● **What you will do**
Would you retype exactly the lines from the one holding "با این پالت" through the last line of the listing, and only those, without pictures?

● **Data extract**
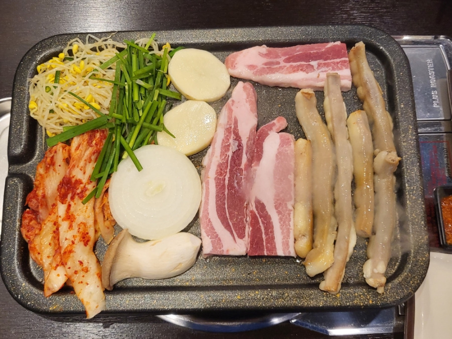 돼지 삼겹살과 한우 소곱창이 세트라니
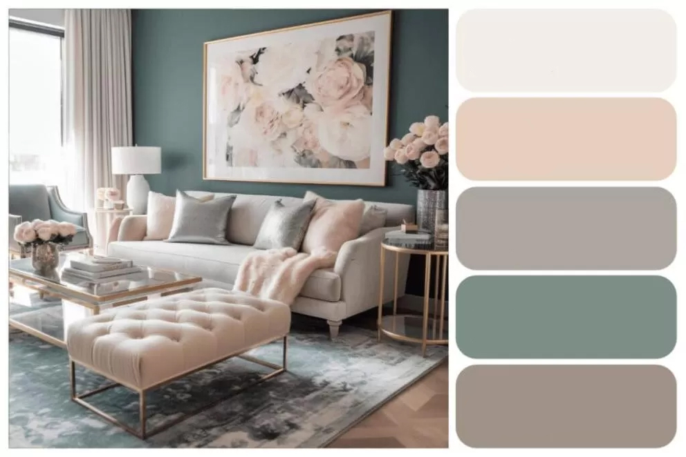 با این پالت رنگی شگفتانگیز حس آرامش و سکون را در فضای نشیمن خود ایجاد کنید. طیفهای نرم و زیبا با هم تکمیل میشوند و فضایی آرام و دلپذیر میسازند.
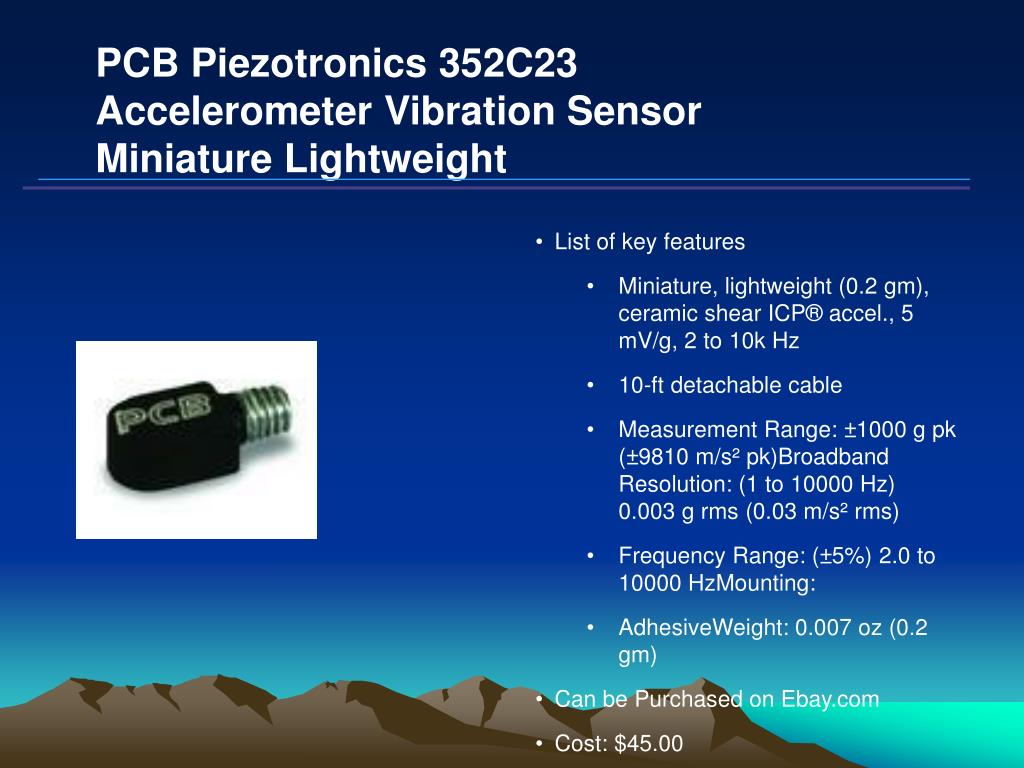 PCB Piezotronics352C23 Accelerometer Vibration Sensor Miniature Lightweight • List of key features • Miniature, lightweight (0.2 gm), ceramic shear ICP® accel., 5 mV/g, 2 to 10kHz • 10-ftdetachable cable • Measurement Range: ±1000 g pk (±9810 m/s²pk)Broadband Resolution: (1 to 10000 Hz) 0.003 g rms (0.03 m/s²rms) • Frequency Range: (±5%) 2.0 to 10000 HzMounting: • AdhesiveWeight: 0.007 oz (0.2 gm) • Can be Purchased on Ebay.com • Cost: $45.00

● **Output for this exercise**
 با این پالت رنگی شگفتانگیز حس آرامش و سکون را در فضای نشیمن خود ایجاد کنید. طیفهای نرم و زیبا با هم تکمیل میشوند و فضایی آرام و دلپذیر میسازند.
 PCB Piezotronics352C23 Accelerometer Vibration Sensor Miniature Lightweight • List of key features • Miniature, lightweight (0.2 gm), ceramic shear ICP® accel., 5 mV/g, 2 to 10kHz • 10-ftdetachable cable • Measurement Range: ±1000 g pk (±9810 m/s²pk)Broadband Resolution: (1 to 10000 Hz) 0.003 g rms (0.03 m/s²rms) • Frequency Range: (±5%) 2.0 to 10000 HzMounting: • AdhesiveWeight: 0.007 oz (0.2 gm) • Can be Purchased on Ebay.com • Cost: $45.00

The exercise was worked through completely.